#### WHAT YOU WILL DO:
I'd like the listing below copied exactly, with the images left out.

#### EXCERPTED RECORDS:
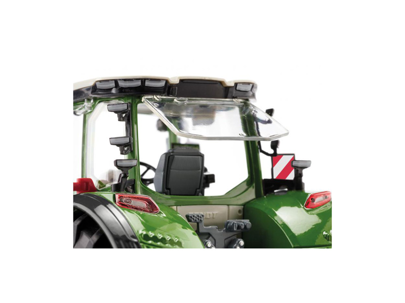 Model traktoru, vyrobený převážně z kovu, zaujme mimořádnou úrovní detailů a realistickým provedením. Autentické gumové pneumatiky, kyvná přední náprava a funkční přední i zadní závěs podtrhují věrnost skutečnému stroji značky Fendt. Kabina s pohyblivými dveřmi nabízí propracovaný interiér včetně sedadla řidiče s logem Fendt, multifunkční loketní opěrky a střešního displeje. Otevíratelná kapota odhaluje detailně zpracovaný motorový prostor, LED osvětlení a barevně odlišené hydraulické přípojky doplňují prémiový vzhled modelu. Sběratelský model. Není vhodné pro děti do 14 let.
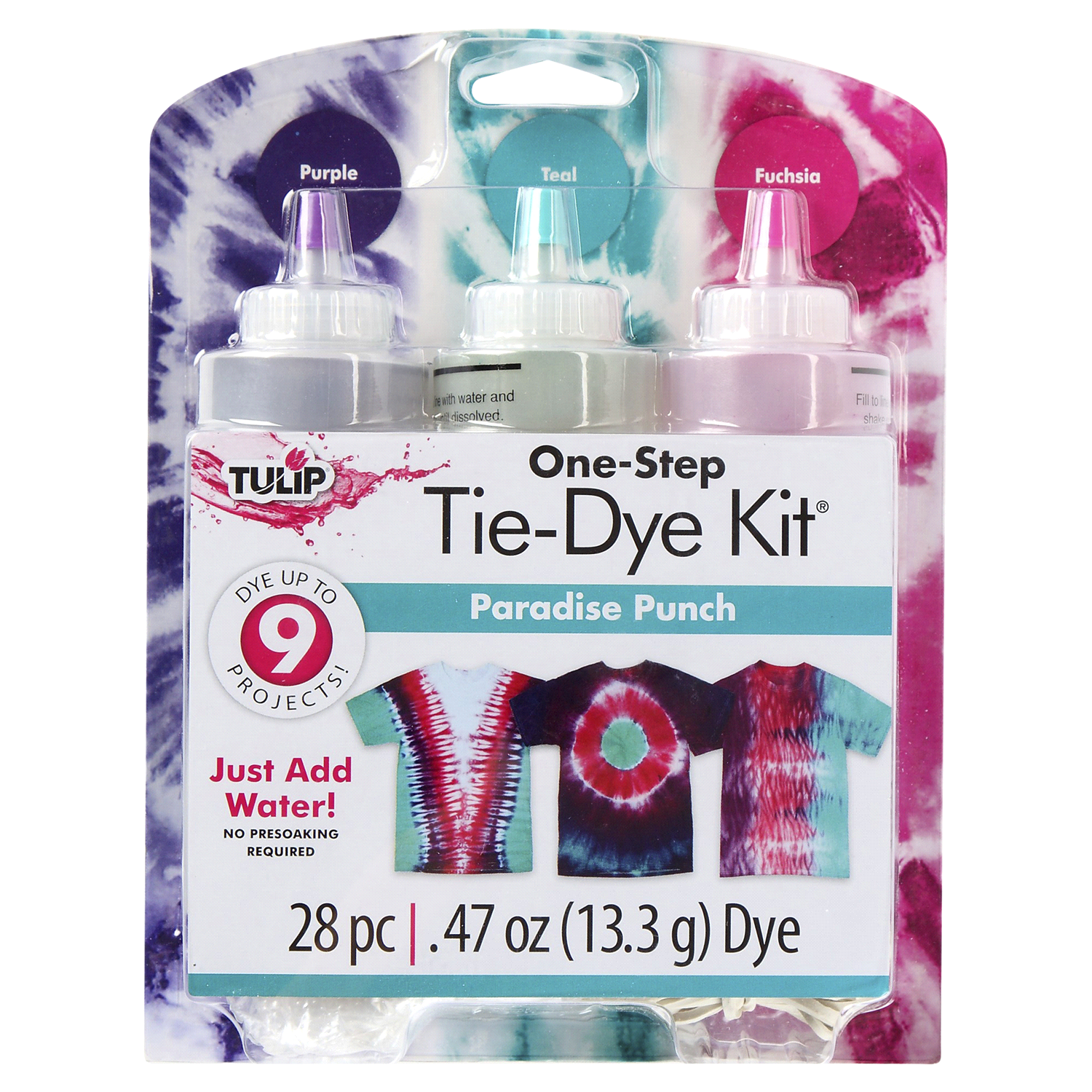 The Tulip OneStep Paradise Punch TieDye Kit is full of colorful fun Stocked with 3 bottles of vibrant OneStep Dye, supplies and an inspiration guide, this kit is ready for your creativity. Who knew ti…
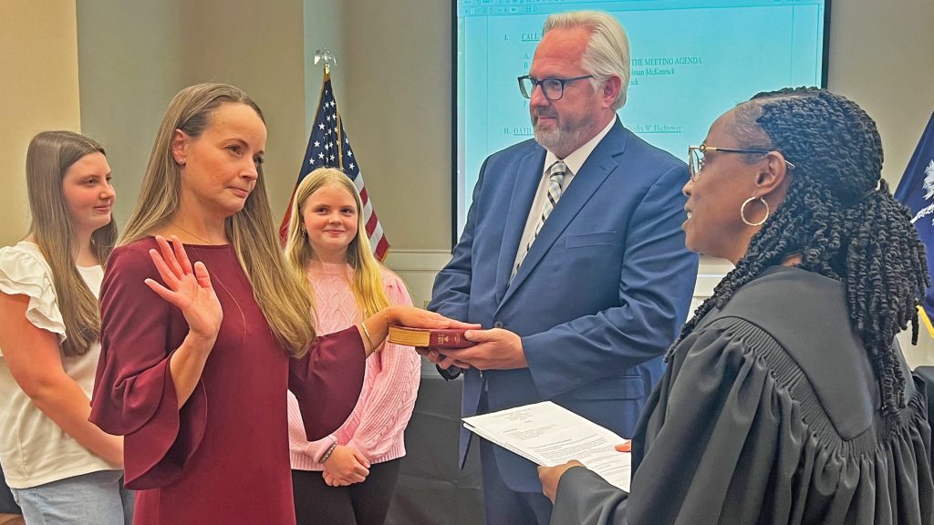 BLYTHEWOOD – Erica Page, the town’s newest town council member, was administered the oath of office by Judge Deirdre Hightower Monday night as her family looked on.
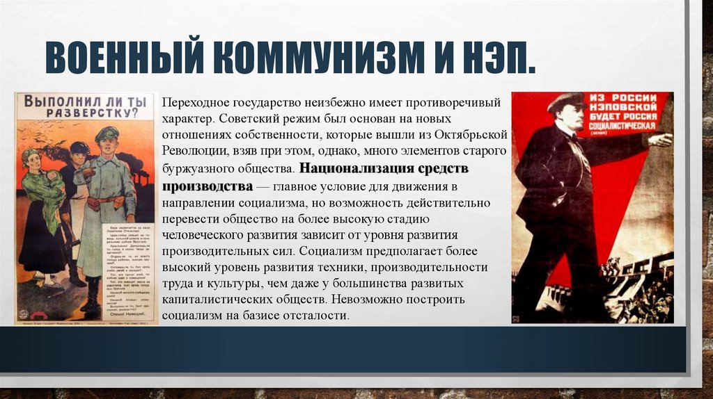 ВОЕННЫЙ КОММУНИЗМ И НЭП.Переходное государство неизбежно имеет противоречивый
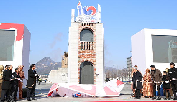 지난해 12월 20일 오후 서울 광화문 광장에서 열린 3·1운동 및 대한민국임시정부 수립 100주년 기념사업 홍보탑 제막식. (사진=(c) 연합뉴스)
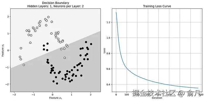 上方的图展示了一个具有一个隐藏层和一个神经元的小型神经网络,它试图对数据进行分类。然而,该网络仅学习到一个简单的直线边界,并不足以区分曲线形状。相比之下,下方的图展示了一个更大的网络,有两层隐藏层,每层有三个神经元。这个网络学习到了一个非线性边界,能够更好的适配数据。
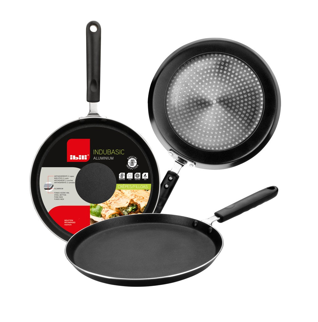La Sarten de Crepes Indubasic está fabricada en aluminio para inducción y mango de bakelita.
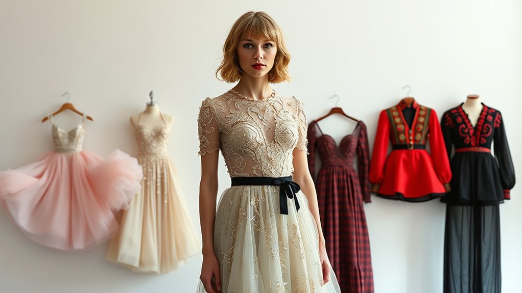 You see her wardrobe as a reflection of her personal growth, evolving with each album era. She often incorporates vintage inspiration, showing her appreciation for timeless styles, and uses color symbolism to convey emotion and themes. As she matures, her outfits become more sophisticated, revealing her journey and self-discovery. This strategic wardrobe choice helps you connect with her story, making her style a visual narrative of her ongoing transformation.
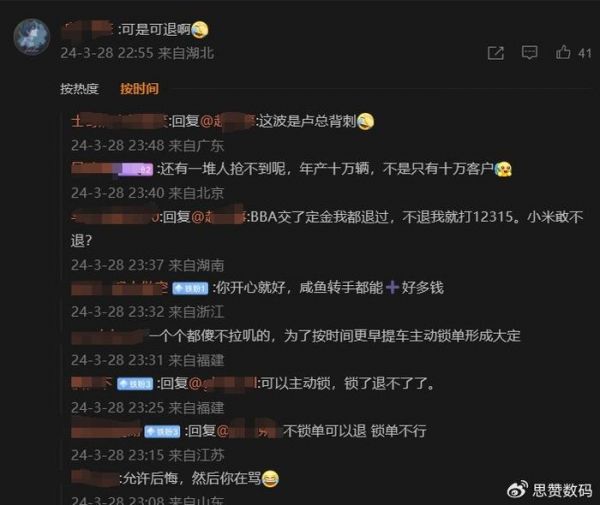 但是很快又有网友不服了,气冲冲说:“BBA交了定金我都退过,不退我就打12315。小米敢不退?”说实话,这多多少少有点杠着上了,可能会给人一种占着茅坑不拉屎的感觉哈,不知道对此你怎么看呢?
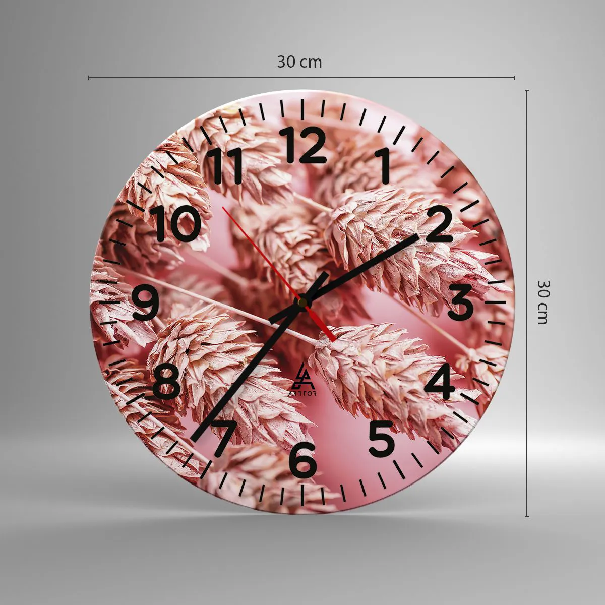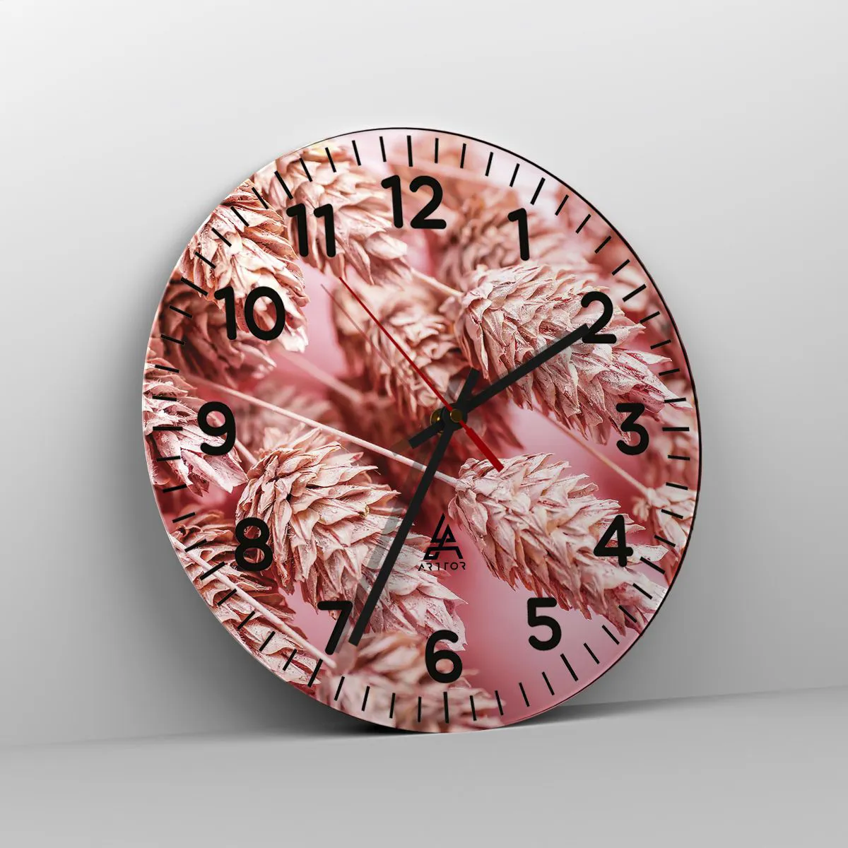 Wall clock - Clock on glass - Flowery Cascade in Pink - 30x30 cm
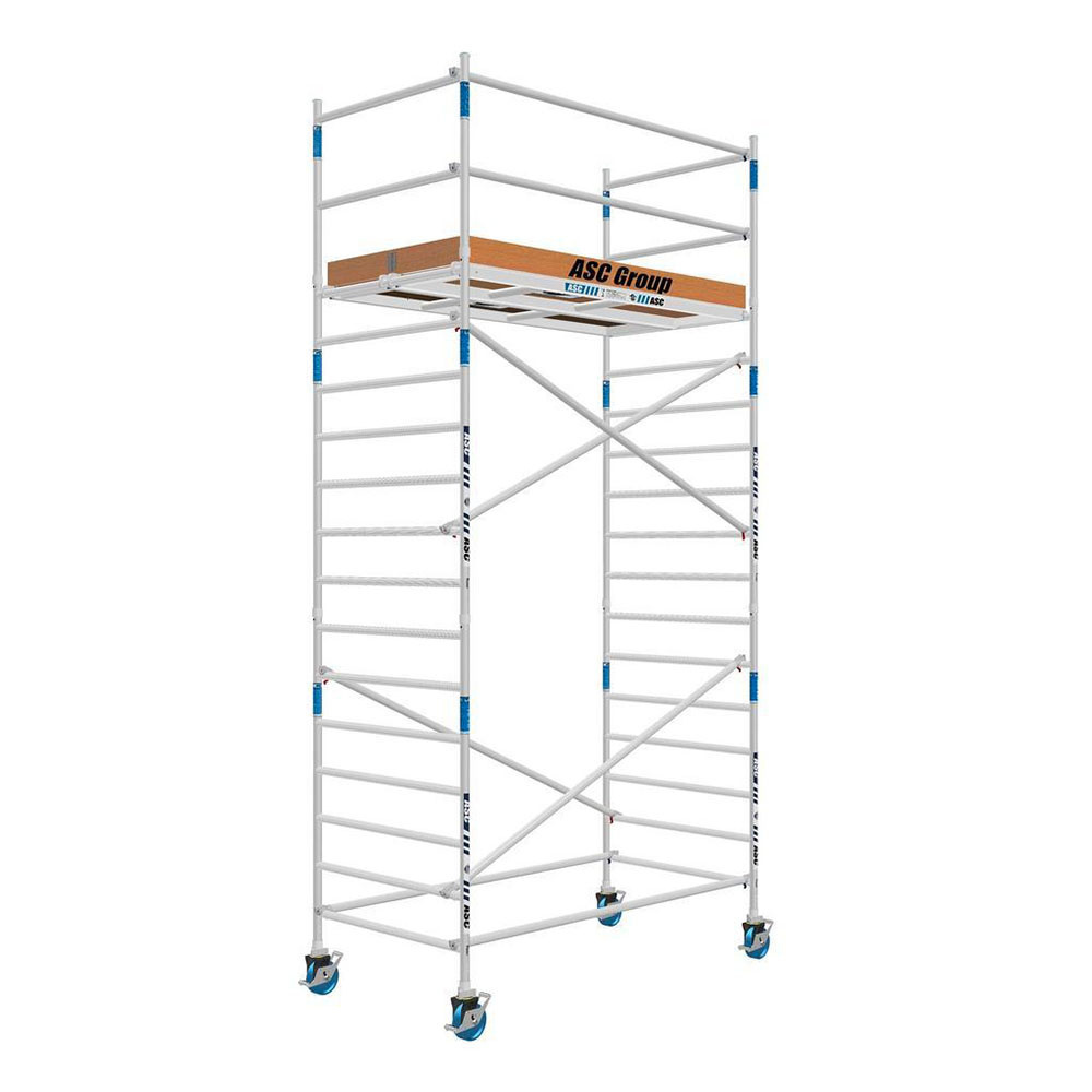 Kies de juiste werkhoogte voor uw rolsteiger. Werkhoogte wordt als volgt berekend: de hoogte van het hoogste platform plus de gemiddelde hoogte van de handen als een persoon met omhoog gestrekte armen werkt (hiervoor rekenen we 2 meter). De formule om de werkhoogte te berekenen is dus: platformhoogte + 2 meter.
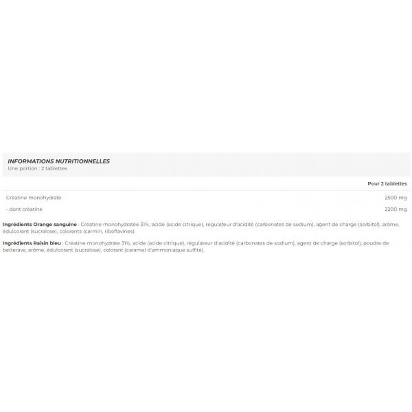 Ingrediënten Bloedsinaasappel: Creatinemonohydraat 31%, zuur (citroenzuur), zuurteregelaar (natriumcarbonaten), vulstof (sorbitol), aroma, zoetstof (sucralose), kleurstoffen (karmijn, riboflavinen).
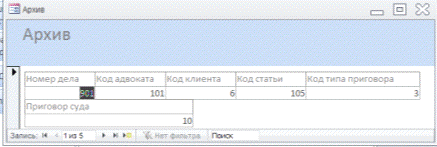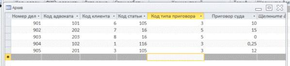 типа приговора] = Архив.[Код типа приговора]);Адвокаты.ФИО_адвоката,

#### RESULT OF THIS EXERCISE:
 Model traktoru, vyrobený převážně z kovu, zaujme mimořádnou úrovní detailů a realistickým provedením. Autentické gumové pneumatiky, kyvná přední náprava a funkční přední i zadní závěs podtrhují věrnost skutečnému stroji značky Fendt. Kabina s pohyblivými dveřmi nabízí propracovaný interiér včetně sedadla řidiče s logem Fendt, multifunkční loketní opěrky a střešního displeje. Otevíratelná kapota odhaluje detailně zpracovaný motorový prostor, LED osvětlení a barevně odlišené hydraulické přípojky doplňují prémiový vzhled modelu. Sběratelský model. Není vhodné pro děti do 14 let.
 The Tulip OneStep Paradise Punch TieDye Kit is full of colorful fun Stocked with 3 bottles of vibrant OneStep Dye, supplies and an inspiration guide, this kit is ready for your creativity. Who knew ti…
 BLYTHEWOOD – Erica Page, the town’s newest town council member, was administered the oath of office by Judge Deirdre Hightower Monday night as her family looked on.
 ВОЕННЫЙ КОММУНИЗМ И НЭП.Переходное государство неизбежно имеет противоречивый
 지난해 12월 20일 오후 서울 광화문 광장에서 열린 3·1운동 및 대한민국임시정부 수립 100주년 기념사업 홍보탑 제막식. (사진=(c) 연합뉴스)
 上方的图展示了一个具有一个隐藏层和一个神经元的小型神经网络,它试图对数据进行分类。然而,该网络仅学习到一个简单的直线边界,并不足以区分曲线形状。相比之下,下方的图展示了一个更大的网络,有两层隐藏层,每层有三个神经元。这个网络学习到了一个非线性边界,能够更好的适配数据。
La Sarten de Crepes Indubasic está fabricada en aluminio para inducción y mango de bakelita.
 You see her wardrobe as a reflection of her personal growth, evolving with each album era. She often incorporates vintage inspiration, showing her appreciation for timeless styles, and uses color symbolism to convey emotion and themes. As she matures, her outfits become more sophisticated, revealing her journey and self-discovery. This strategic wardrobe choice helps you connect with her story, making her style a visual narrative of her ongoing transformation.
 但是很快又有网友不服了,气冲冲说:“BBA交了定金我都退过,不退我就打12315。小米敢不退?”说实话,这多多少少有点杠着上了,可能会给人一种占着茅坑不拉屎的感觉哈,不知道对此你怎么看呢?
 Wall clock - Clock on glass - Flowery Cascade in Pink - 30x30 cm
 Kies de juiste werkhoogte voor uw rolsteiger. Werkhoogte wordt als volgt berekend: de hoogte van het hoogste platform plus de gemiddelde hoogte van de handen als een persoon met omhoog gestrekte armen werkt (hiervoor rekenen we 2 meter). De formule om de werkhoogte te berekenen is dus: platformhoogte + 2 meter.
 Ingrediënten Bloedsinaasappel: Creatinemonohydraat 31%, zuur (citroenzuur), zuurteregelaar (natriumcarbonaten), vulstof (sorbitol), aroma, zoetstof (sucralose), kleurstoffen (karmijn, riboflavinen).
 типа приговора] = Архив.[Код типа приговора]);Адвокаты.ФИО_адвоката,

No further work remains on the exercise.